◆ **Dataset excerpts**
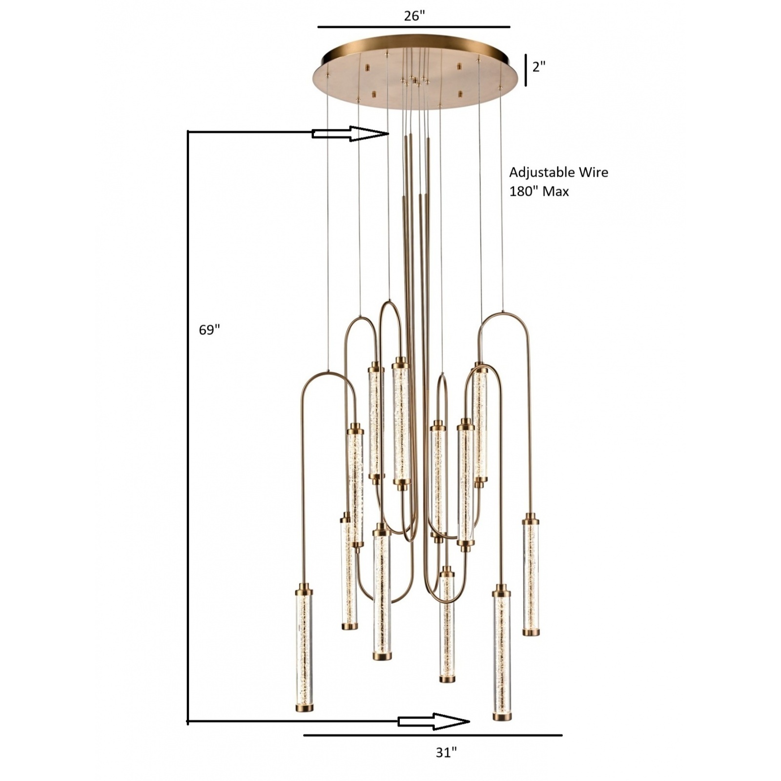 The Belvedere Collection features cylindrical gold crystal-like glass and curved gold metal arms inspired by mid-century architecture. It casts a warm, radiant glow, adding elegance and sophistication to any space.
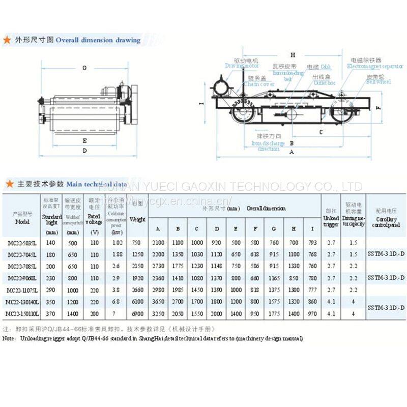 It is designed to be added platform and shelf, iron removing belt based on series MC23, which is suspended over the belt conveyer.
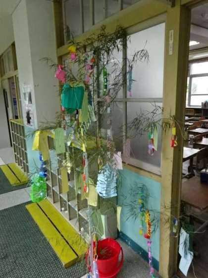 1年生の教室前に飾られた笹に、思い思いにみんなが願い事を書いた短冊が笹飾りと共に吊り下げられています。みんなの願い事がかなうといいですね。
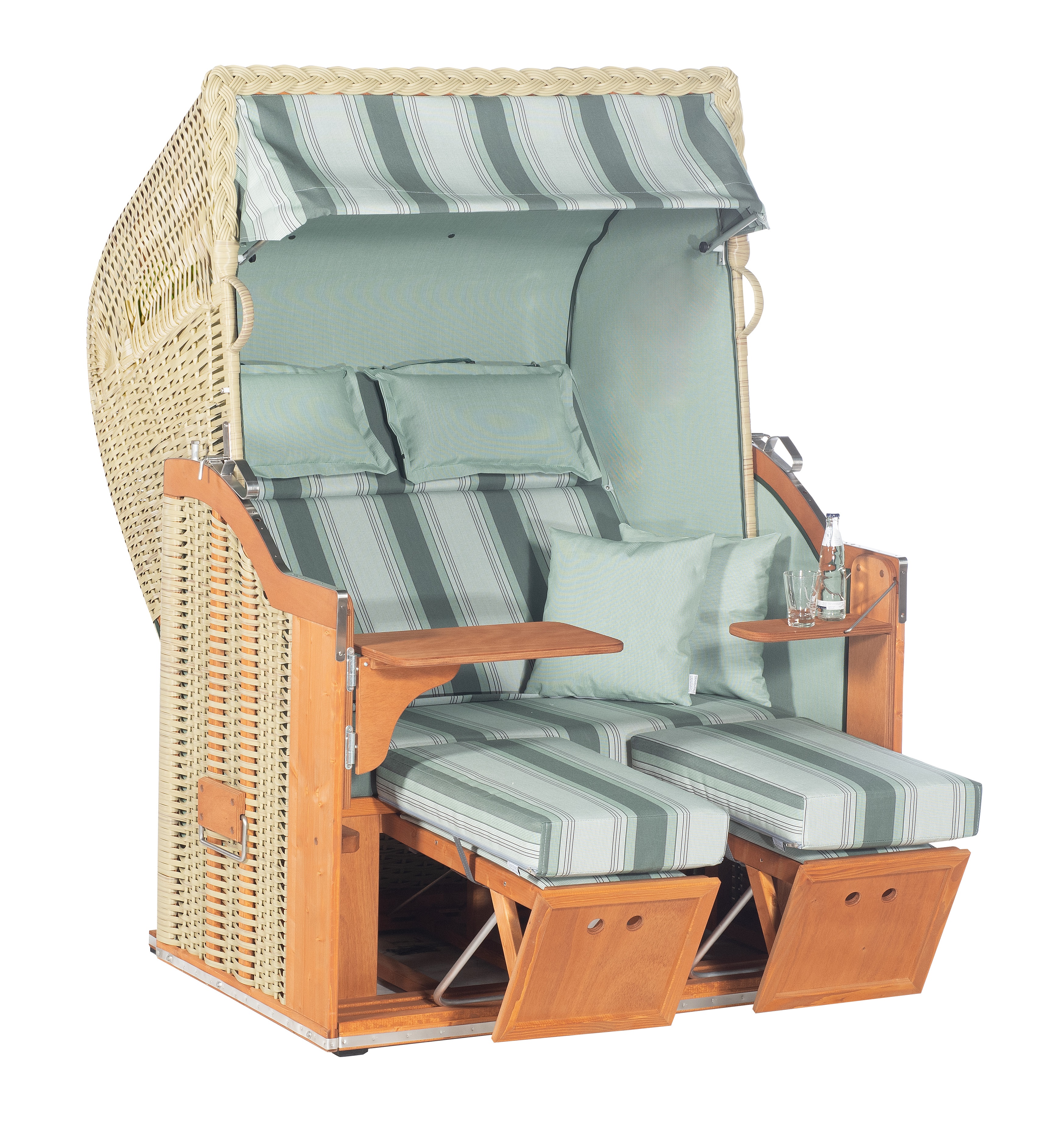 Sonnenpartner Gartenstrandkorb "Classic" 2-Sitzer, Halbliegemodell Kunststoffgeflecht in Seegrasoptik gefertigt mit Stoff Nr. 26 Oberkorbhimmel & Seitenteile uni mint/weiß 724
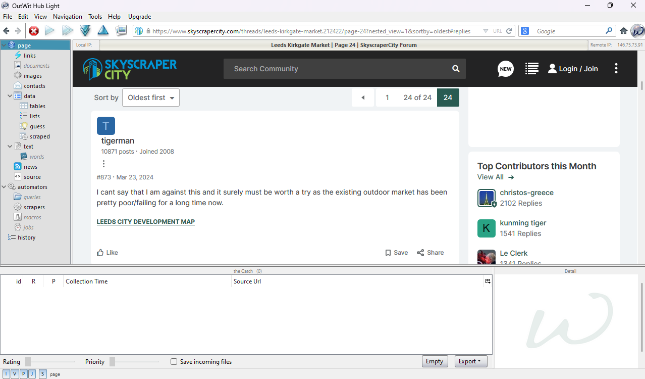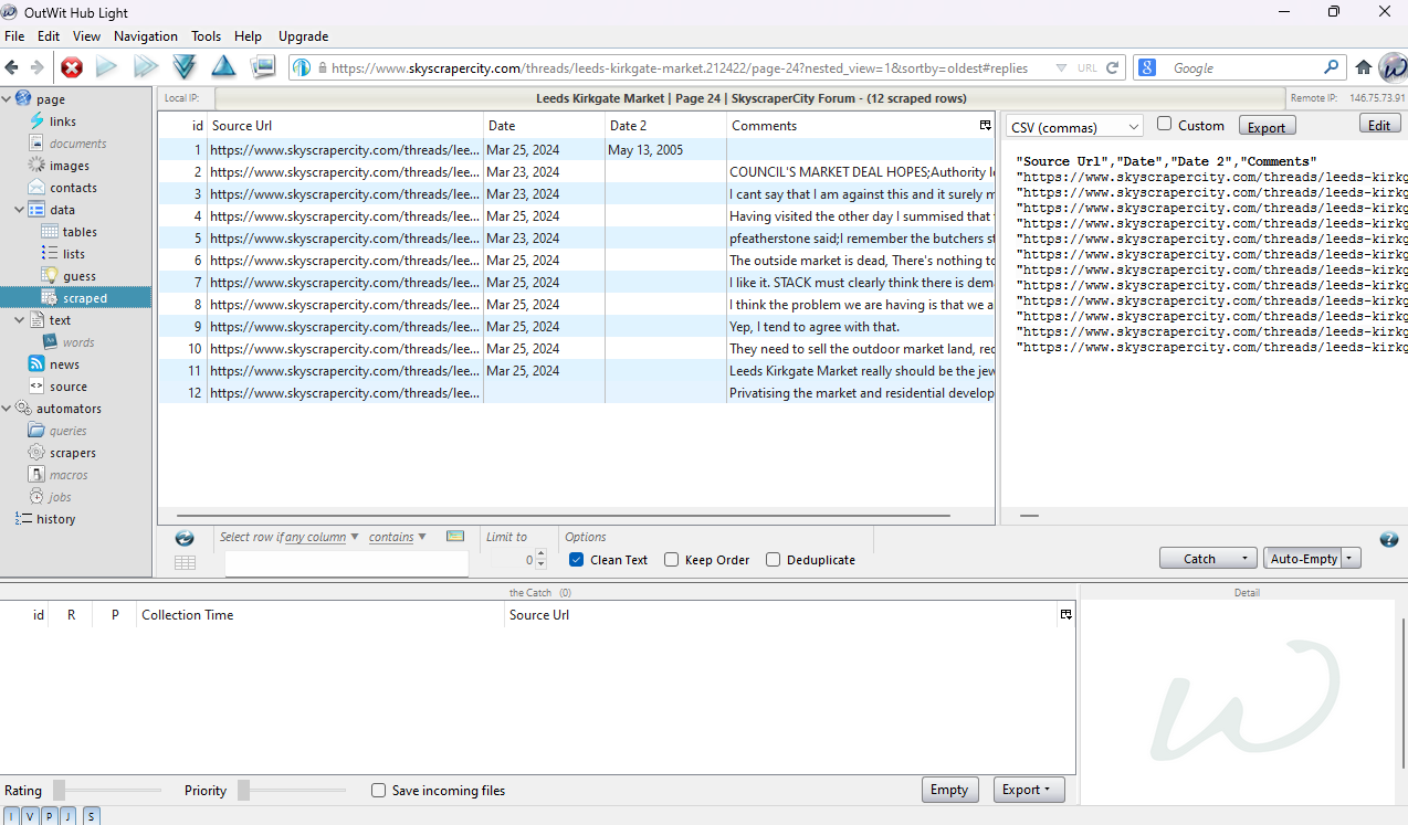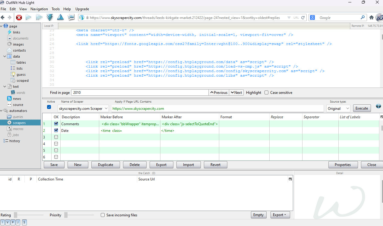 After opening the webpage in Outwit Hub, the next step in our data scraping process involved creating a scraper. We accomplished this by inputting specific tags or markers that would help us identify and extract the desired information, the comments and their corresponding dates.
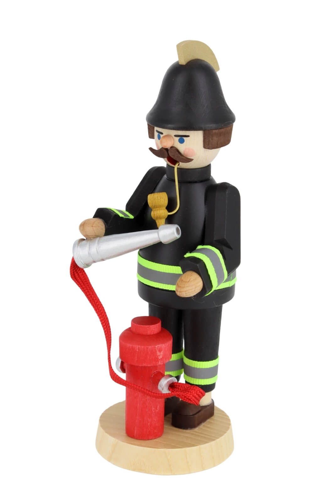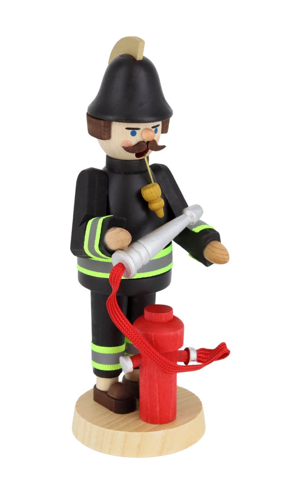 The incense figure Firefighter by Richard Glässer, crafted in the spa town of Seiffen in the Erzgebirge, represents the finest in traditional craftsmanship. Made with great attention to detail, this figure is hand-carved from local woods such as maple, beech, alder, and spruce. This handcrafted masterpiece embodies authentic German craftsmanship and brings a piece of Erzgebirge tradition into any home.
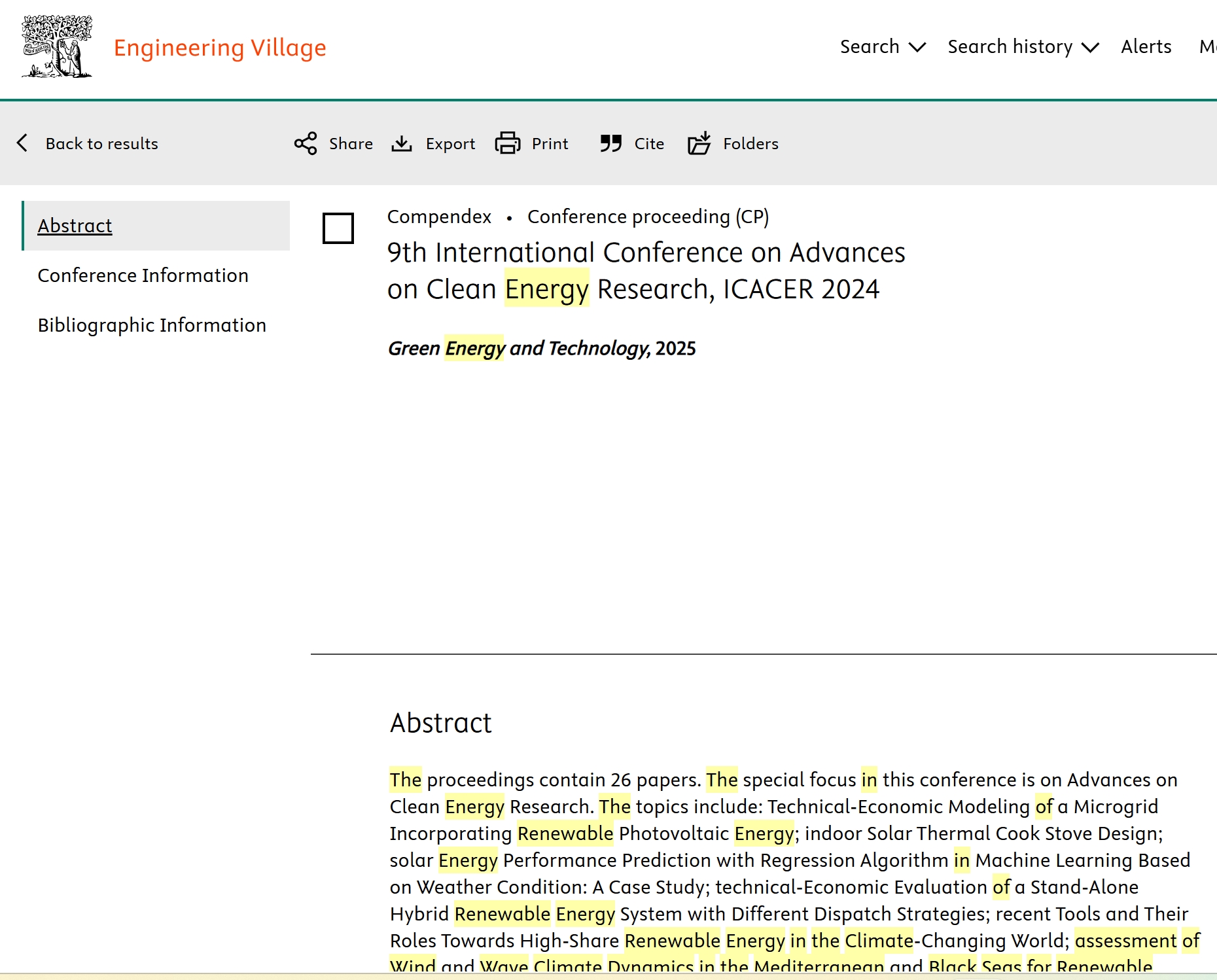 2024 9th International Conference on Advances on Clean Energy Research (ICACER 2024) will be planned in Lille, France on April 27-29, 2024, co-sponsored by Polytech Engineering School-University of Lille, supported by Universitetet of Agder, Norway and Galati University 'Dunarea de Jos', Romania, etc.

◆ **What the task asks**
Could you give the listing again exactly as it stands, minus any pictures?

◆ **Solved exercise**
 The Belvedere Collection features cylindrical gold crystal-like glass and curved gold metal arms inspired by mid-century architecture. It casts a warm, radiant glow, adding elegance and sophistication to any space.
 It is designed to be added platform and shelf, iron removing belt based on series MC23, which is suspended over the belt conveyer.
 1年生の教室前に飾られた笹に、思い思いにみんなが願い事を書いた短冊が笹飾りと共に吊り下げられています。みんなの願い事がかなうといいですね。
 Sonnenpartner Gartenstrandkorb "Classic" 2-Sitzer, Halbliegemodell Kunststoffgeflecht in Seegrasoptik gefertigt mit Stoff Nr. 26 Oberkorbhimmel & Seitenteile uni mint/weiß 724
 After opening the webpage in Outwit Hub, the next step in our data scraping process involved creating a scraper. We accomplished this by inputting specific tags or markers that would help us identify and extract the desired information, the comments and their corresponding dates.
 The incense figure Firefighter by Richard Glässer, crafted in the spa town of Seiffen in the Erzgebirge, represents the finest in traditional craftsmanship. Made with great attention to detail, this figure is hand-carved from local woods such as maple, beech, alder, and spruce. This handcrafted masterpiece embodies authentic German craftsmanship and brings a piece of Erzgebirge tradition into any home.
 2024 9th International Conference on Advances on Clean Energy Research (ICACER 2024) will be planned in Lille, France on April 27-29, 2024, co-sponsored by Polytech Engineering School-University of Lille, supported by Universitetet of Agder, Norway and Galati University 'Dunarea de Jos', Romania, etc.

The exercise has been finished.